Tabriz air pollution resource and the role of metrological parameter in pollution exacerbating
Environment pollution is a challenge to the modern society, especially in developing countries for example Iran. In the beginning of the century, industrialization and expansion of the factories became the main concern of Iranian big cities. The city of Tabriz in Iran that could hold a large population in it turned to become as one of the industrial poles in the country. Within the years 1967–1975, Tabriz city was the subject of new changes and developments. But in the process of industrialization and installation of the manufacturing sites and factories, some decision makers and executive managers did not try to take the geographical and topographical conditions of the city into their considerations; therefore, the city of Tabriz became more and more polluted and the people’s social health and hygiene were endangered (Mojtabazadeh 2005). Establishment of high industrial factories in the west and southwest of Tabriz, such as chemical and petrochemical industries, thermal power plant, and oil refinery, and blowing of wind from west and southwest transferred their pollution to the inner city (Sadr Mousavi and Rahimi 2008). In recent decade, changing the patterns of vehicle use, particularly in urban areas, and increasingly use of private cars instead of urban public transport cause that the vehicles are a significant source of emissions into the atmosphere and Tabriz air pollution. So, industrial factories and vehicles are the main air pollution factors in Tabriz now.
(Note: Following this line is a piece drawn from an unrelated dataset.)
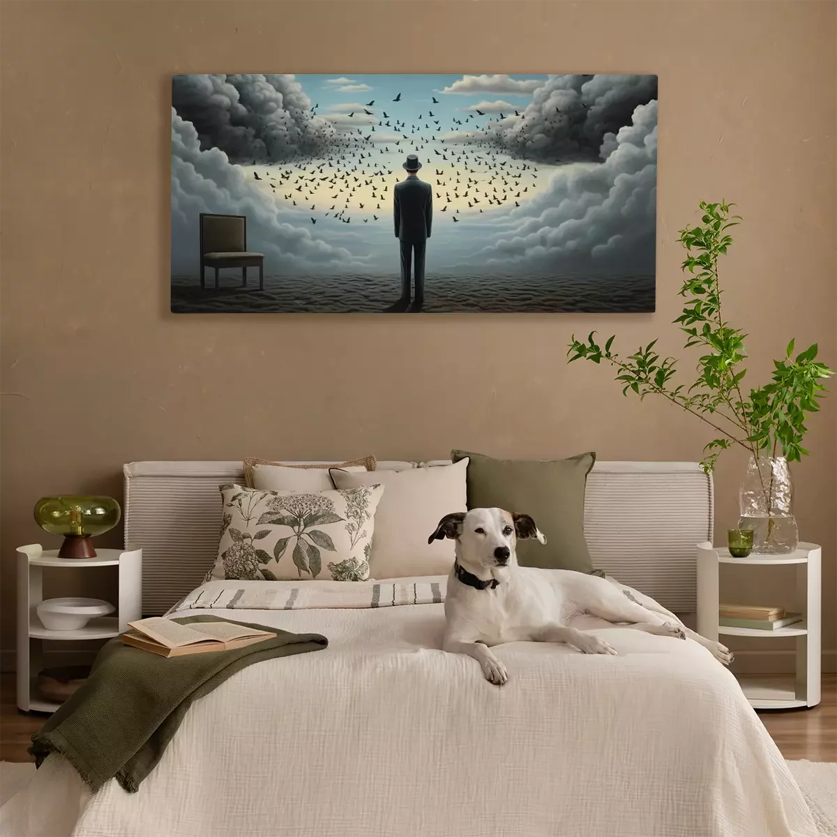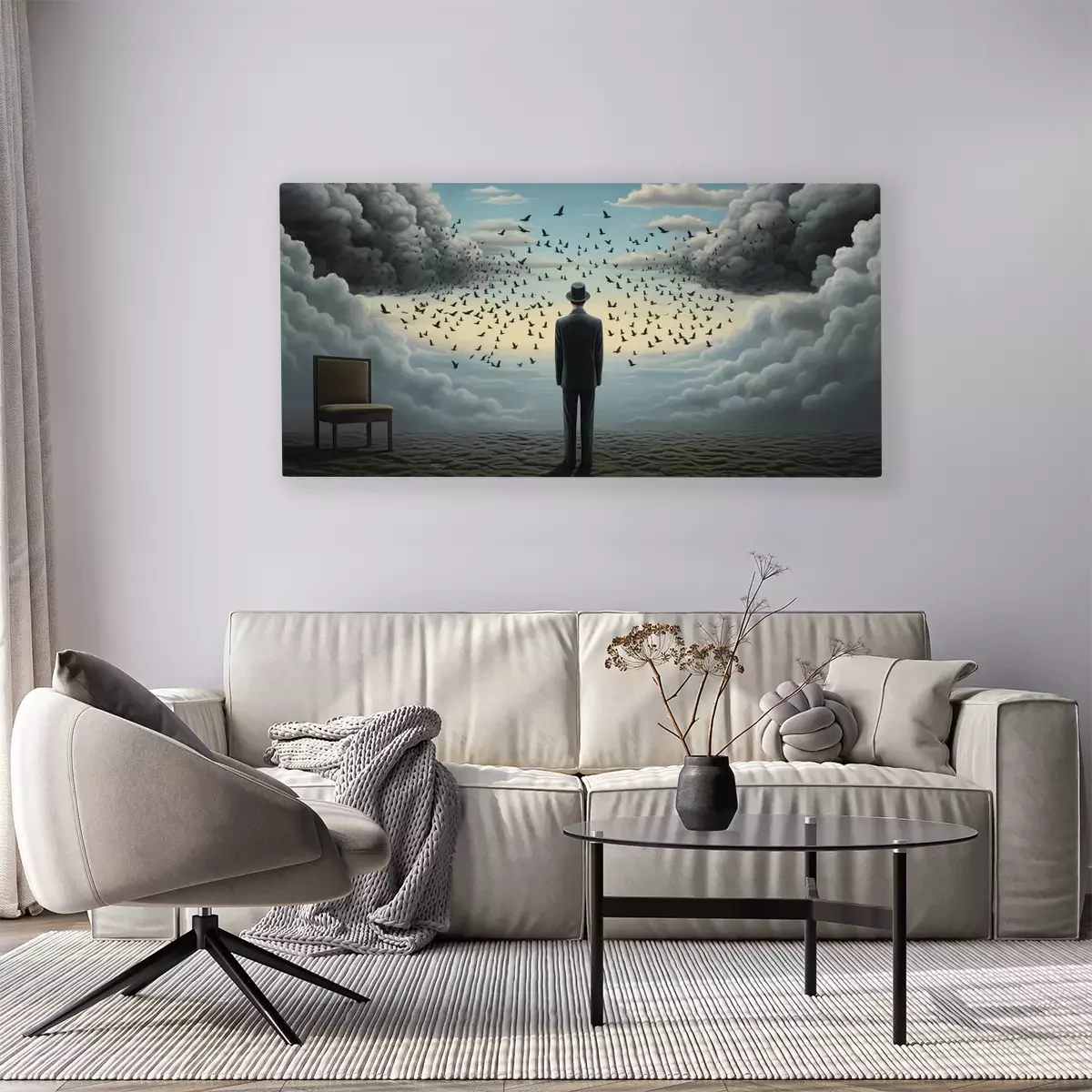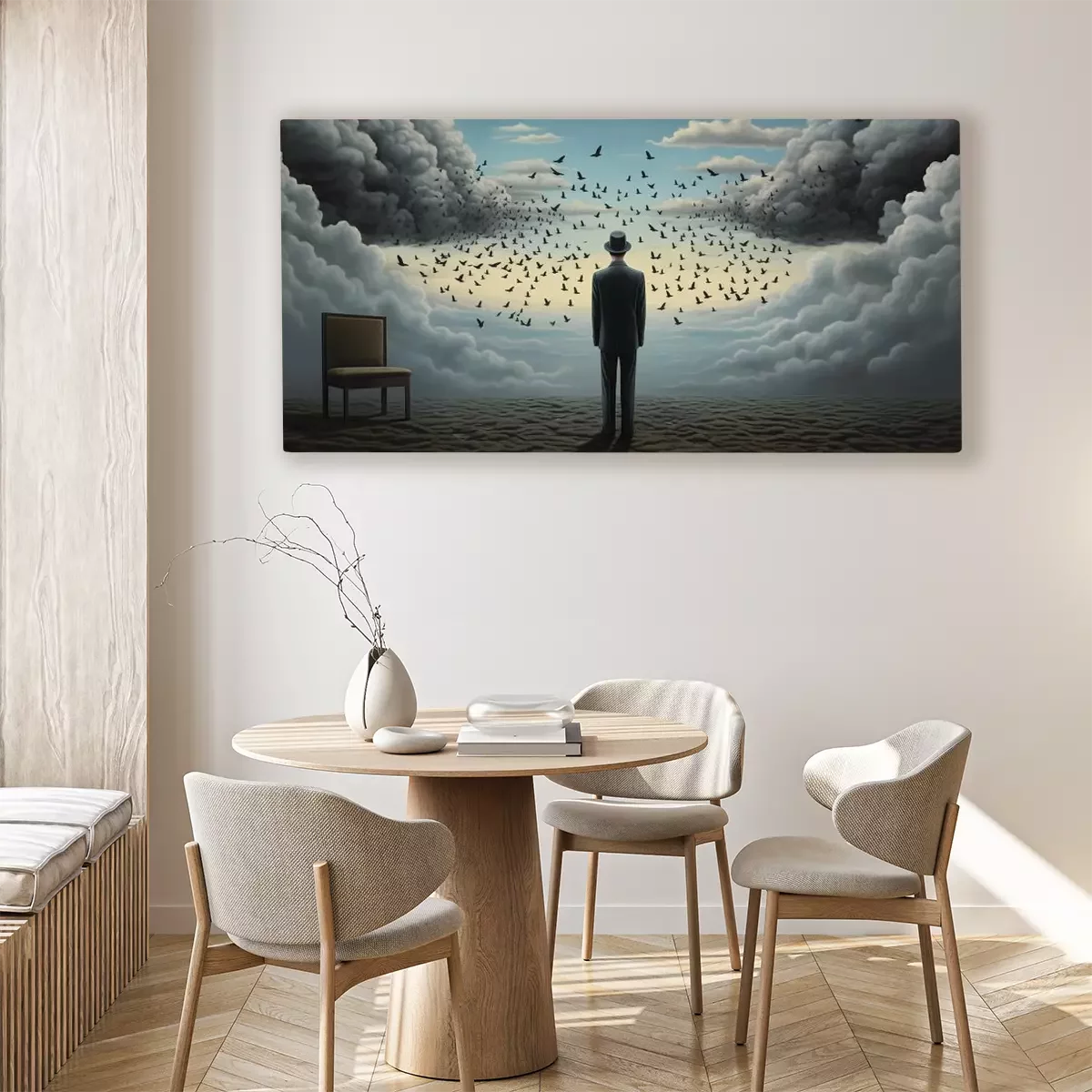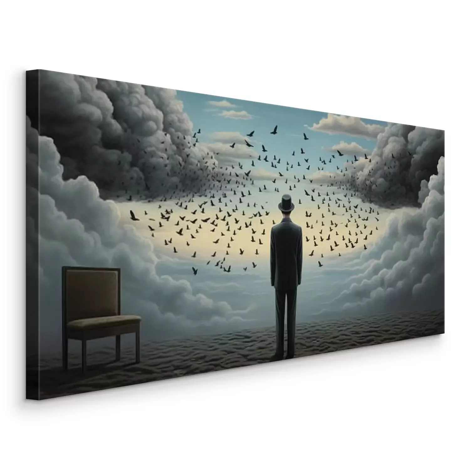 Een man met een zwerm vogels en een stoel op de achtergrond
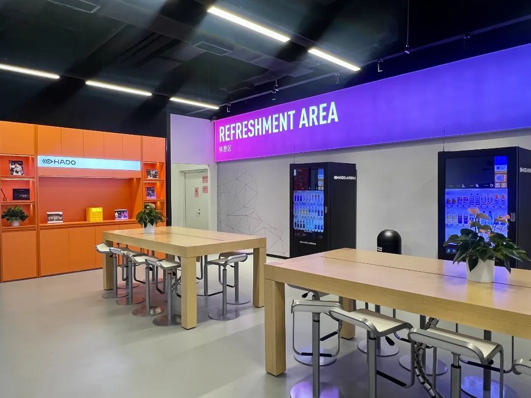 明亮开放的入口处设有休息区及HADO周边售卖区。更衣室设施齐全,并提供运动鞋服租赁服务。

The result of the past study in Tabriz air pollution indicates that the metrological parameters and, especially, wind blowing are the main variables in intensification and alteration of Tabriz air pollution (Sadr Mousavi and Rahimi 2008, 2010, Mojtabazadeh 2005). But, the results in this paper show that the relative humidity and temperature are the main metrological variables in the prediction of NO2 and NO
x
concentrations and the wind importance for NO2 and NO
x
modeling approximately is 7%. While in Sadr Mousavi and Rahimi (2008) studies, wind speed and wind direction important in CO concentration modeling are 19.17 and 14.12%, respectively. Also, based on this work results, we cannot conclude like Mojtabazadeh (2005) results that the main metrological variable in Tabriz air pollution is wind blowing.